Hardison has followed this progression, selfishly glad, but also glad for Parker. He would have been happy for her if she had figured out her feelings weren’t interested in him after all, if it meant that she had learned to understand herself and others more deeply; he truly would. Luckily, all signs point to her having decided that she really cared about him, and has learned to express it.

That’s why at first it seems obvious that they should infiltrate the couple’s retreat together. But there’s something about real chemistry and romance that doesn't work as well for Parker and Hardison--maybe the fact that they have a very unique relationship.

Besides, they want Eliot to be there in case things get tough. They’re not going after any of the hitmen, but this man in particular is someone who never hired someone to do something he couldn’t do himself, if he needed to. Someone who’d been in the business long enough to hire other people and reap the benefits.

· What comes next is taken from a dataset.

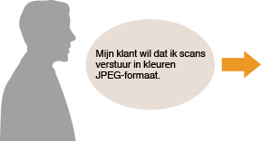 Geef het e-mailadres van uw klant op met <Bestandsindeling> ingesteld op <JPEG> voor scaninstellingen en registreer het adres en instelling als een combinatie in <Favoriete instellingen>. U kunt deze combinatie van instellingen dan altijd eenvoudig oproepen. Veelgebruikte scaninstellingen registreren (E-Mail/I-fax/Gedeelde map/FTP-server)

Someone who had been taken in by a gold digging younger woman who convinced him to go on a couple’s retreat. Likely with her body, Hardison helpfully points out, as he shows her picture on the screen.

Parker studies the picture. “Yeah, I can see that,” she agrees. Hardison smirks, raising his eyebrows at Eliot, because he’s looking between the two of them like they’re doing something weird.

“The couple that appreciates a nice body together stays together,” Hardison said, sagely. He didn’t necessarily believe that as a blanket statement for all couples; he just wanted to rile Eliot up as usual.

“I don’t need to know about what you guys get up to,” Eliot insists, but Hardison thinks his heart isn’t in it. He didn’t even pull any unnecessarily dramatic faces or gestures. He studies Eliot for a while after that, suspicious, and Eliot doesn’t say anything, just narrows his eyes.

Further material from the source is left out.